**WHAT THE TASK REQUIRES**
Give again exactly the lines that run from the start of the records to the line holding "Números de Oro Los", both ends counted. Do not include the pictures.

□ □ □

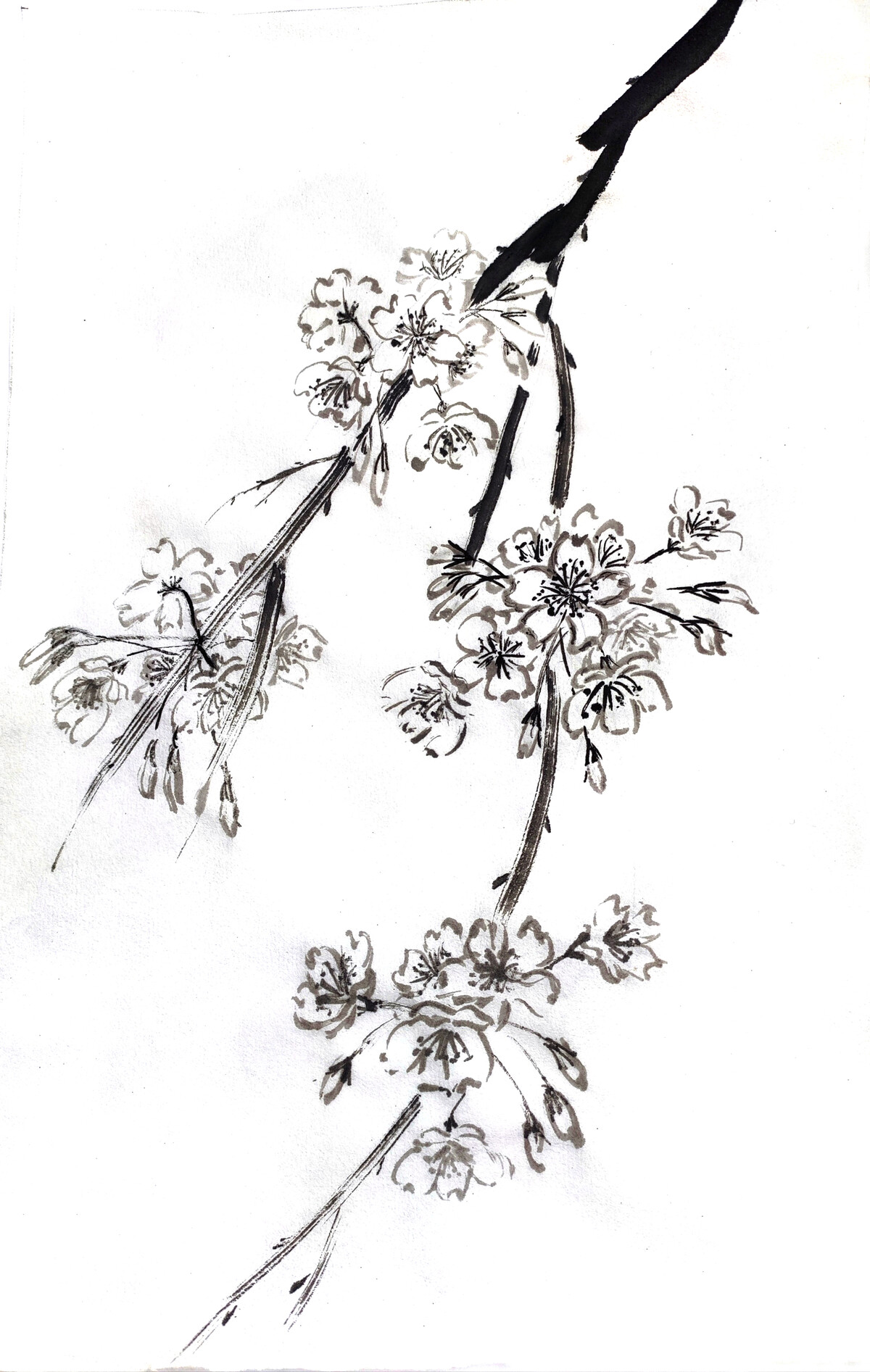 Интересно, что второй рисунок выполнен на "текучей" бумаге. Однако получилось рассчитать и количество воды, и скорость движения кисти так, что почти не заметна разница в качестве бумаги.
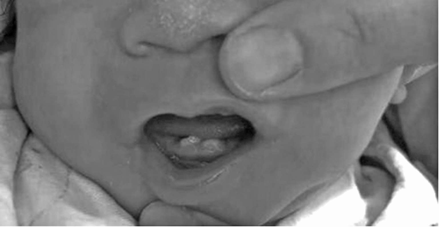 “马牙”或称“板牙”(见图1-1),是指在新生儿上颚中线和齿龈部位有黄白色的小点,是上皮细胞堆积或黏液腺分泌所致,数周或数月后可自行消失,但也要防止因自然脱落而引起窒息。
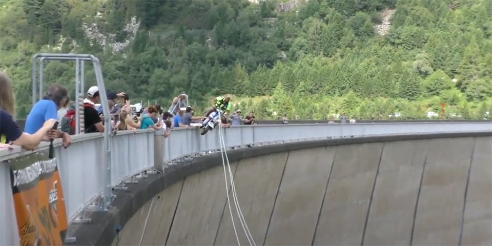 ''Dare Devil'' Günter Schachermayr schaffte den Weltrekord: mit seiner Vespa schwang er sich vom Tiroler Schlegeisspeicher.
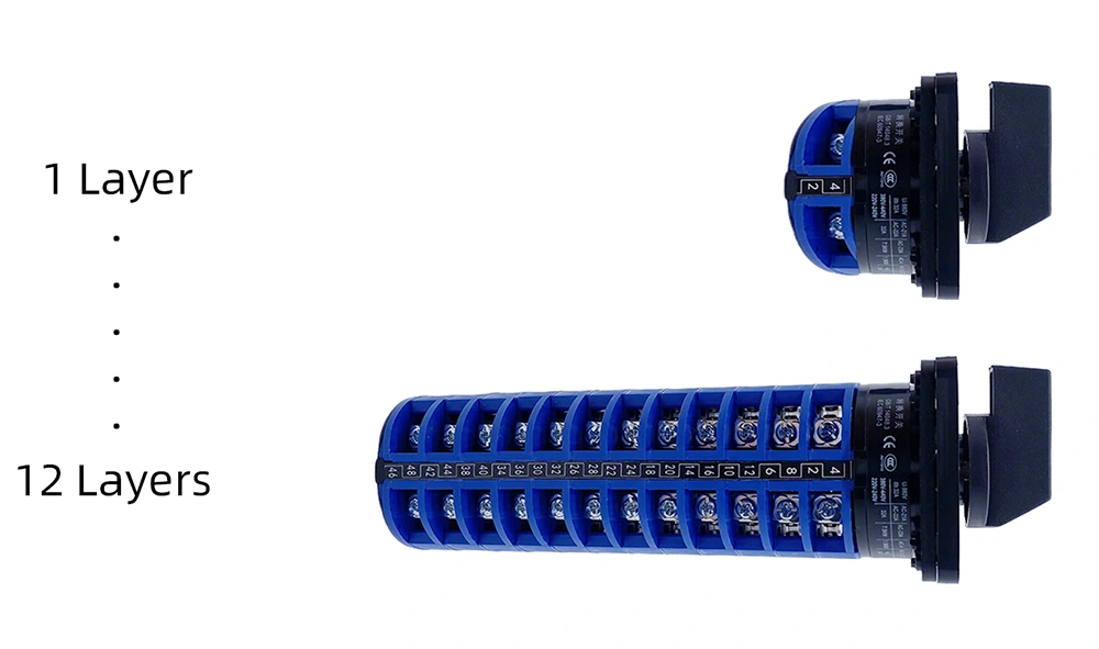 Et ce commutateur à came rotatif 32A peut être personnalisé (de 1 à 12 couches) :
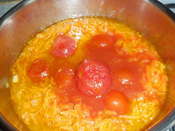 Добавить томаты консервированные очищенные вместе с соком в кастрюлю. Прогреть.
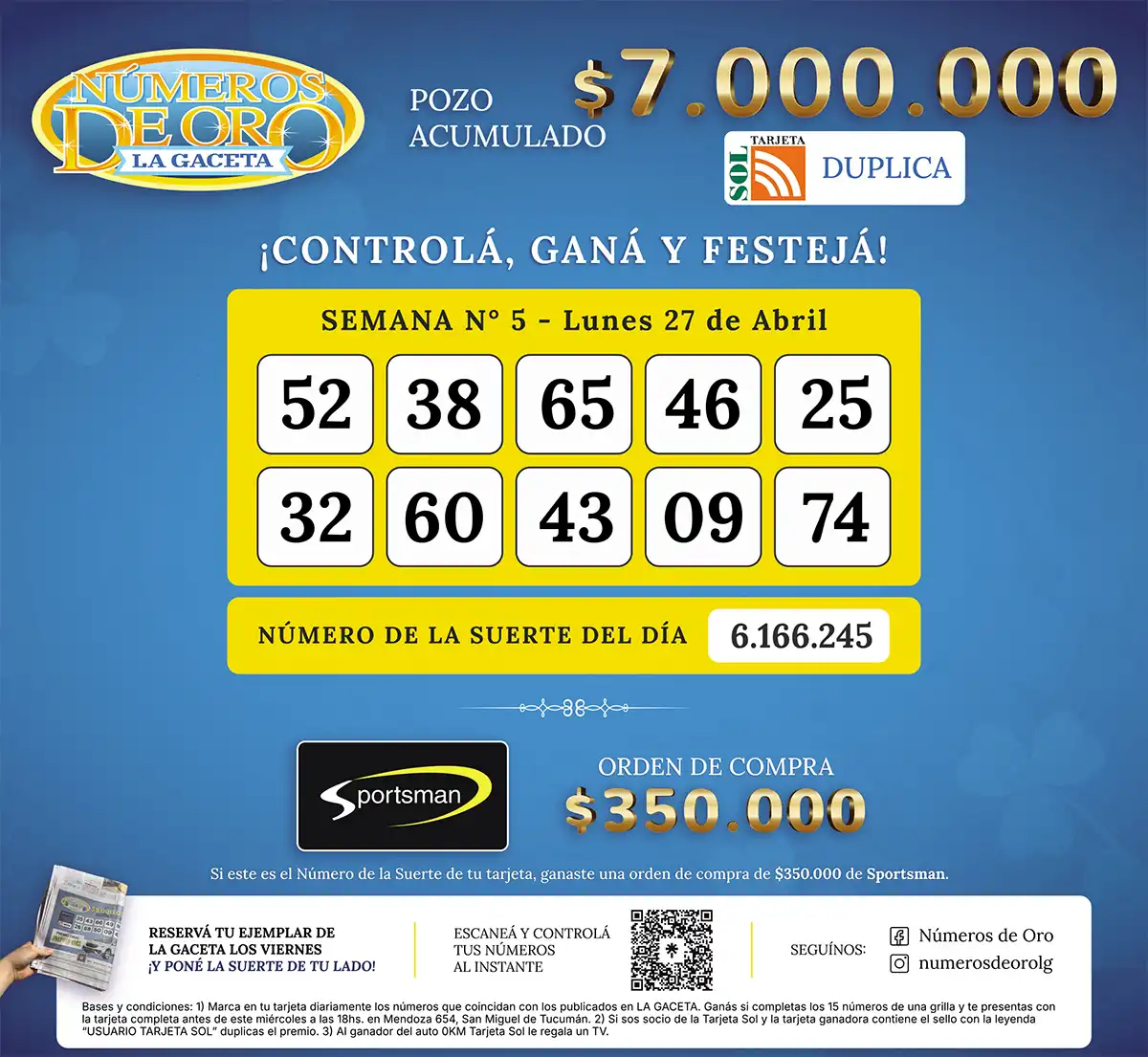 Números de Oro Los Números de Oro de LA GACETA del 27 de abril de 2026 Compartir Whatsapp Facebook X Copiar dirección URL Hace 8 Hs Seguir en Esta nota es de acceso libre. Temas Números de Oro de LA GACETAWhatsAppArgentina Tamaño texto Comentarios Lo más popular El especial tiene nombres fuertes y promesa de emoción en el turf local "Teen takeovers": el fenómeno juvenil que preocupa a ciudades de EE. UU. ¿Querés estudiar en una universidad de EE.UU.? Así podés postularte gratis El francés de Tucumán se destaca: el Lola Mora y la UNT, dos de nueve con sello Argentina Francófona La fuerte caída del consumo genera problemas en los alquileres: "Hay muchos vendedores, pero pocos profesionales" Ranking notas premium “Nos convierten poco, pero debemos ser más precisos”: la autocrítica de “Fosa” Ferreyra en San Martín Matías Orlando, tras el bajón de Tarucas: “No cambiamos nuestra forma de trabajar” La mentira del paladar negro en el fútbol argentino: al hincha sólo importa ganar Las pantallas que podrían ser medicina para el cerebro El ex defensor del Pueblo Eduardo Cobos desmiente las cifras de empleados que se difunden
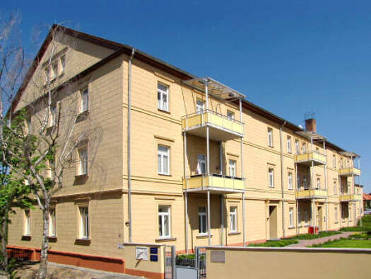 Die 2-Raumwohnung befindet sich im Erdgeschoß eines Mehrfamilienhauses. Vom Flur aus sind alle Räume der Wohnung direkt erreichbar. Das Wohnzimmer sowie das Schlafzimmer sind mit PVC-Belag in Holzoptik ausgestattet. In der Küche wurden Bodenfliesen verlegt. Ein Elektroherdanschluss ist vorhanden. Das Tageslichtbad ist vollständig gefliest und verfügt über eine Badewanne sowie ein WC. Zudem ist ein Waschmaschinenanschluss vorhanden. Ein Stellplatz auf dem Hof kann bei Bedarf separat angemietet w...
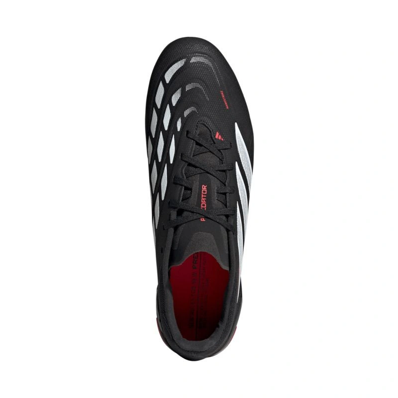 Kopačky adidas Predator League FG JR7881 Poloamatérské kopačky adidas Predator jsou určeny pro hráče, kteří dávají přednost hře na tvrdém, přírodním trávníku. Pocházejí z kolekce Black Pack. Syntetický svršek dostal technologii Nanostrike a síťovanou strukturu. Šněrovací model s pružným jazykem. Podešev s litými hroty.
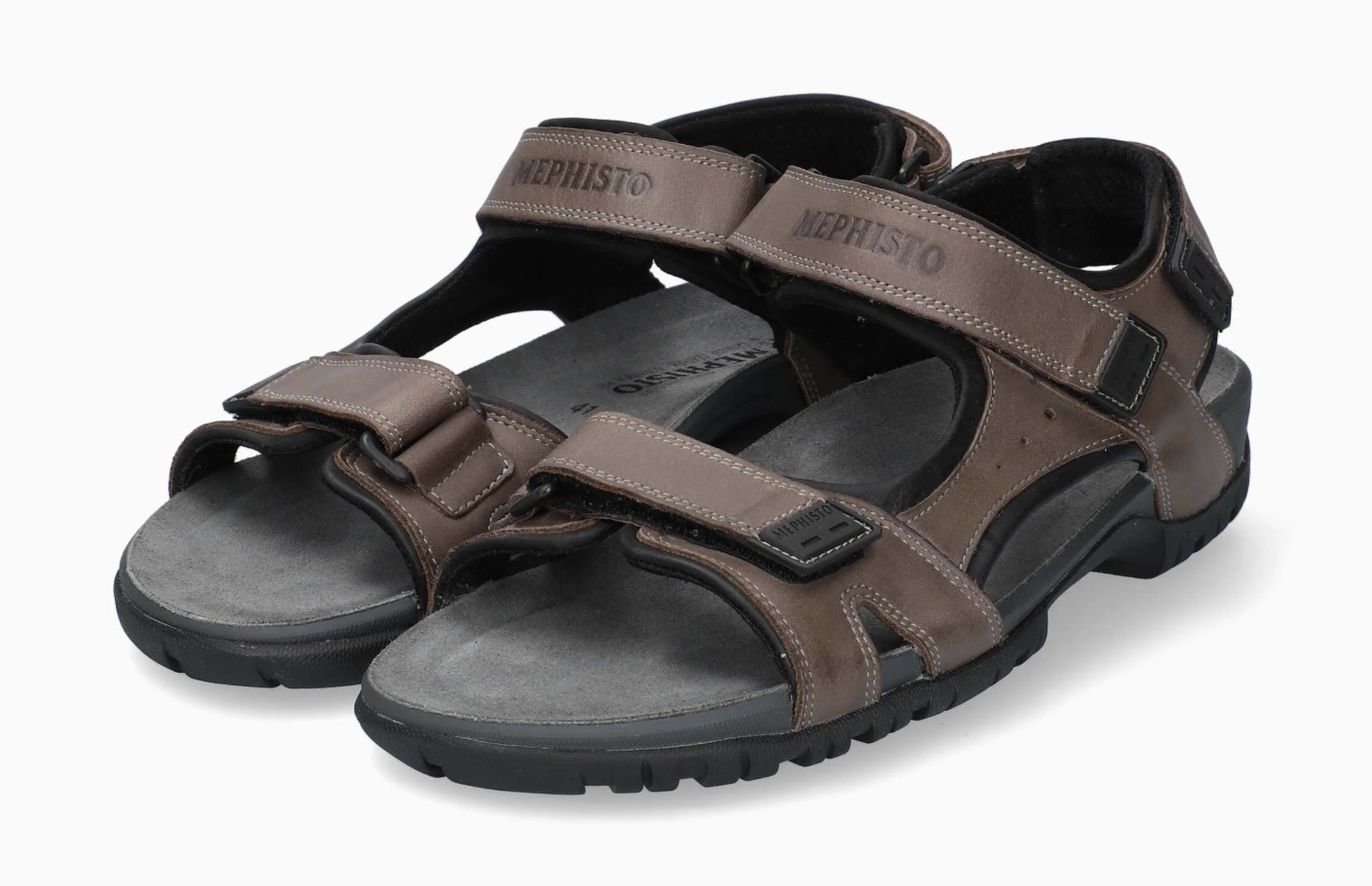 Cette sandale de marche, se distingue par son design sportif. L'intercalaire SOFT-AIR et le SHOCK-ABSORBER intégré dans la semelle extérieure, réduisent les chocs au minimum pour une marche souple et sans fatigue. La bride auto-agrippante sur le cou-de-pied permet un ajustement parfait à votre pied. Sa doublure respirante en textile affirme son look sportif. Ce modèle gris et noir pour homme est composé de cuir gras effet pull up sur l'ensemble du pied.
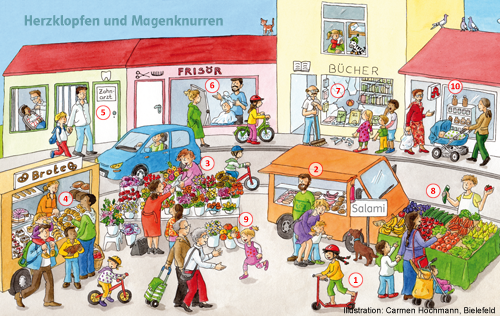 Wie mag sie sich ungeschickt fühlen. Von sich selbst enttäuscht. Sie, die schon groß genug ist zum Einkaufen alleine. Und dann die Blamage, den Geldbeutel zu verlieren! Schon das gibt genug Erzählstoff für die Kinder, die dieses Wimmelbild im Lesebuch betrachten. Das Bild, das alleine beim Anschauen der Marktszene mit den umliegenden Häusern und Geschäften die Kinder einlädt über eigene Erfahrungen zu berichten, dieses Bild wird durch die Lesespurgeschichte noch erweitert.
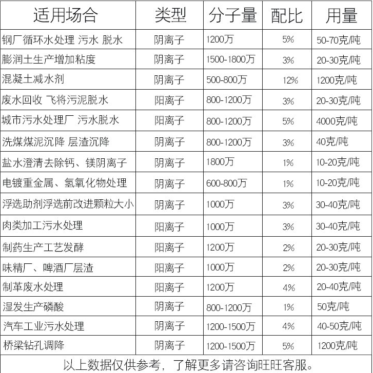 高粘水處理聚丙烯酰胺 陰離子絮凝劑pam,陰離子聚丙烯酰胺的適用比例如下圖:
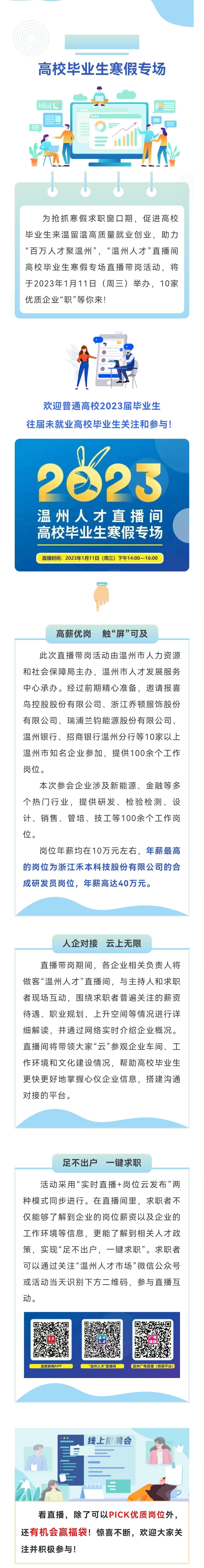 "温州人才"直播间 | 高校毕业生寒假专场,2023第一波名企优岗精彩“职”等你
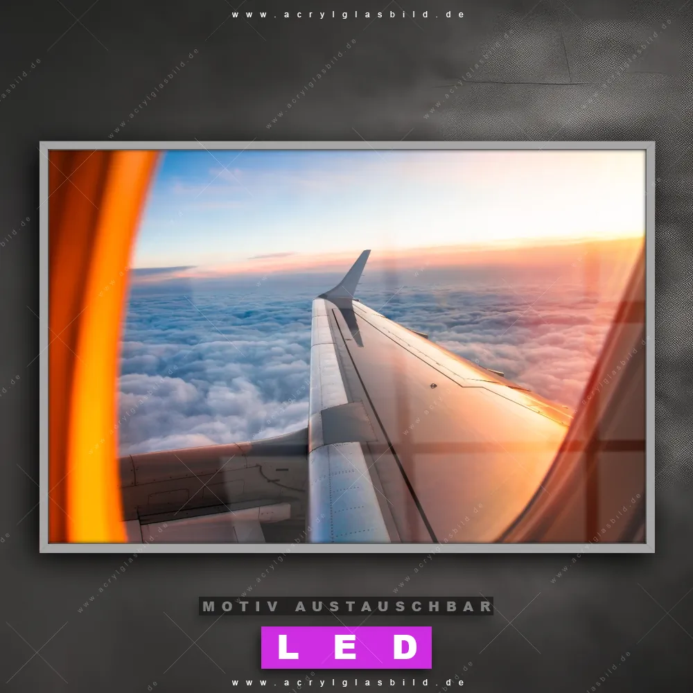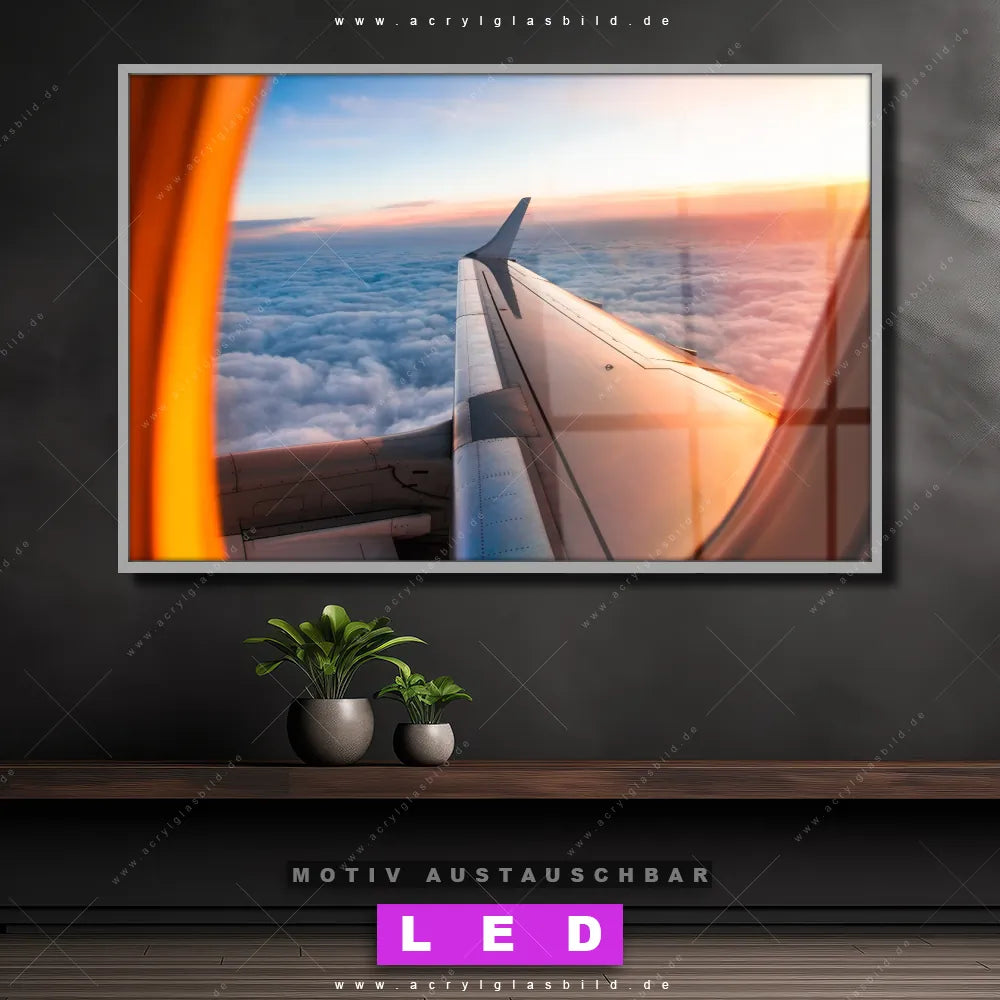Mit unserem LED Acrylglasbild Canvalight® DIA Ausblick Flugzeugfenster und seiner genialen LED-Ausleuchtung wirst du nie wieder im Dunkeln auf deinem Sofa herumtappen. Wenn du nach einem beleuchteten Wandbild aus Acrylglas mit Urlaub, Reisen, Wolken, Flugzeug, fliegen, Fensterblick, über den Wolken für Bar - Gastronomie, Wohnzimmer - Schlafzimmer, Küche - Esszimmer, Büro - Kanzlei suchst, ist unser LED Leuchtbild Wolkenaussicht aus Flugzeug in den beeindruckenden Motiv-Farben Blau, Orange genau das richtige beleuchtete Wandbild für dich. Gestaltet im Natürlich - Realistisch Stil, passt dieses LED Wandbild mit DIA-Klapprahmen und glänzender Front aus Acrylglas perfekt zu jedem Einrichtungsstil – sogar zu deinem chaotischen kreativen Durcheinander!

□ □ □

**PROBLEM SOLUTION**
 Интересно, что второй рисунок выполнен на "текучей" бумаге. Однако получилось рассчитать и количество воды, и скорость движения кисти так, что почти не заметна разница в качестве бумаги.
 “马牙”或称“板牙”(见图1-1),是指在新生儿上颚中线和齿龈部位有黄白色的小点,是上皮细胞堆积或黏液腺分泌所致,数周或数月后可自行消失,但也要防止因自然脱落而引起窒息。
 ''Dare Devil'' Günter Schachermayr schaffte den Weltrekord: mit seiner Vespa schwang er sich vom Tiroler Schlegeisspeicher.
 Et ce commutateur à came rotatif 32A peut être personnalisé (de 1 à 12 couches) :
 Добавить томаты консервированные очищенные вместе с соком в кастрюлю. Прогреть.
 Números de Oro Los Números de Oro de LA GACETA del 27 de abril de 2026 Compartir Whatsapp Facebook X Copiar dirección URL Hace 8 Hs Seguir en Esta nota es de acceso libre. Temas Números de Oro de LA GACETAWhatsAppArgentina Tamaño texto Comentarios Lo más popular El especial tiene nombres fuertes y promesa de emoción en el turf local "Teen takeovers": el fenómeno juvenil que preocupa a ciudades de EE. UU. ¿Querés estudiar en una universidad de EE.UU.? Así podés postularte gratis El francés de Tucumán se destaca: el Lola Mora y la UNT, dos de nueve con sello Argentina Francófona La fuerte caída del consumo genera problemas en los alquileres: "Hay muchos vendedores, pero pocos profesionales" Ranking notas premium “Nos convierten poco, pero debemos ser más precisos”: la autocrítica de “Fosa” Ferreyra en San Martín Matías Orlando, tras el bajón de Tarucas: “No cambiamos nuestra forma de trabajar” La mentira del paladar negro en el fútbol argentino: al hincha sólo importa ganar Las pantallas que podrían ser medicina para el cerebro El ex defensor del Pueblo Eduardo Cobos desmiente las cifras de empleados que se difunden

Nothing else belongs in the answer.